Very interesting. This might be related to why, when Harman evaluated the Quad electrostatic in mono,
its score was terrible: Not enough reflections for the narrow-pattern Quad to be enjoyable. Then when they evaluated it in stereo its score improved significantly, BUT it still ranked third out of the three which were being compared. Toole draws the conclusion that the ranking is not changed by stereo listening but is more differentiated in mono listening, therefore mono listening is preferred for evaluation purposes. And in general I agree... BUT one can also draw the conclusion that mono listening penalizes some types of loudspeakers, as evidenced by the significant (though not decisive) rise in the Quad's score when auditioned in stereo.
In my opinion, in a home audio listening room there is, in effect, a COMPETITION between two sets of spatial cues:
1) The (highly desirable) spatial cues on the recording, whether they be real or engineered or both; and
2) The (generally undesirable) cues inherent to our relatively small, inadequate playback rooms.
At the risk of oversimplifying, the ear will select whichever set of cues seems most plausible. Unfortunately this tends to be the "small room signature" of our playback rooms. What we'd like to do is, have the spatial cues on the recording dominate. This is easier said than done, because we only have a poverty of recording venue cues, relative to our playback room's inherent small-room-signature cues. [I can hear Kal Rubinson saying, "There's a fix for that, ya know..."]
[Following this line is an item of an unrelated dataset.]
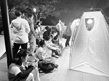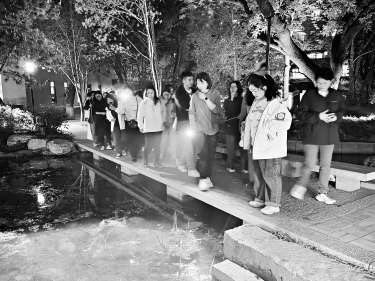 19時許,夜幕降臨。授課教師任利利帶著40余名學員利用各種夜觀設備,了解昆蟲的奧秘。課前10分鐘,任利利一邊招呼學員架設燈誘設備,一邊耐心地幫大家復習知識點:“此前的課上我們講到了,一部分昆蟲有趨光性,因為它們的視網膜上有一種色素能吸收紫外光,當感受到光亮時,就會朝著亮處飛去。這個廣場有梅園、林沼和櫻花步道,一旁的池塘里還種植著40多種水生植物,這樣的環境很適合大家夜觀昆蟲。”任利利打開一盞誘蟲燈,掛到燈誘帳篷的最頂端,一些小蟲子撲扇著翅膀,成團飛過來。學員們也聚集到帳篷四周,探著頭仔細觀察。

Simply absorbing or otherwise nullifying all reflections in the playback room doesn't work. In order to most effectively convey a sense of immersion in the acoustic space on the recording, we need to have high quality (spectrally correct) reflections arriving from many directions. The multi-channel guys got THAT right!! So if we're doing two-channel, then we NEED a lot of spectrally-correct in-room reflections in order to effectively present the recording venue cues from many directions.
But it's not quite that simple. We need to MINIMIZE the "small room signature" conveyed by playback room, without simultaneously minimizing all those desirable spatial cues on the recording. Remember, we want the recording venue cues to dominate so we can enjoy that delicious sense of envelopment, assuming a suitable recording.
My understanding is that the EARLIEST reflections play a disproportionately large role in conveying the size of a room. The reverberation tail also plays a role. We want a fairly long (but not too long) reverberation tail because it conveys ambience cues from the recording, so we need to focus on minimizing the early reflections while encouraging the later ones. Done correctly, this results in the spatial cues which are on the recording dominating over the otherwise default "small room signature" cues. This is something good multichannel does very well... better than we can do with two-channel, but imo we can still make worthwhile improvements.
(One source I came across, and unfortunately did not record, stated that the ear looks at the time gap in between the first-arrival sound and the "center of gravity" of the reflections to judge the size of the room. To the extent that we can push that "center of gravity" back in time, we can reduce "small room signature", and unmask the spatial cues in the recording. I find this paradigm to be particularly useful, just wish I could remember where it came from.)
One way we can do this in a two-channel system is to set up along a room diagonal. This geometrically precludes early lateral reflections in the listening area, without reliance on absorption. Floyd Toole used this technique in one of his listening rooms in a house he used to live in. There are other techniques of course; the main point is to be aware of the general principle of avoiding early reflections, while encouraging later ones.
In this context, I consider "early reflections" to be those arriving less than about 10 milliseconds behind the first-arrival sound, and Geddes is my source for this number. Linkwitz suggested 6 milliseconds. There is an EBU standard which mentions 15 milliseconds, which was taken into consideration when Harman designed their speaker-shuffling Multichannel Listening Lab. So there is arguably some uncertainty about exactly where the target lies, but I think the general concept is valid.
Note that the playback room does not need to have a 100+ millisecond decay time in order to convey the sense of envelopment that we might get in a concert hall, as long as that 100+ milliseconds of decay is on the recording. The playback room is the DELIVERY SYSTEM for that 100+ milliseconds of decay, we just need to get the playback room's own signature out of the way as much as we reasonably can.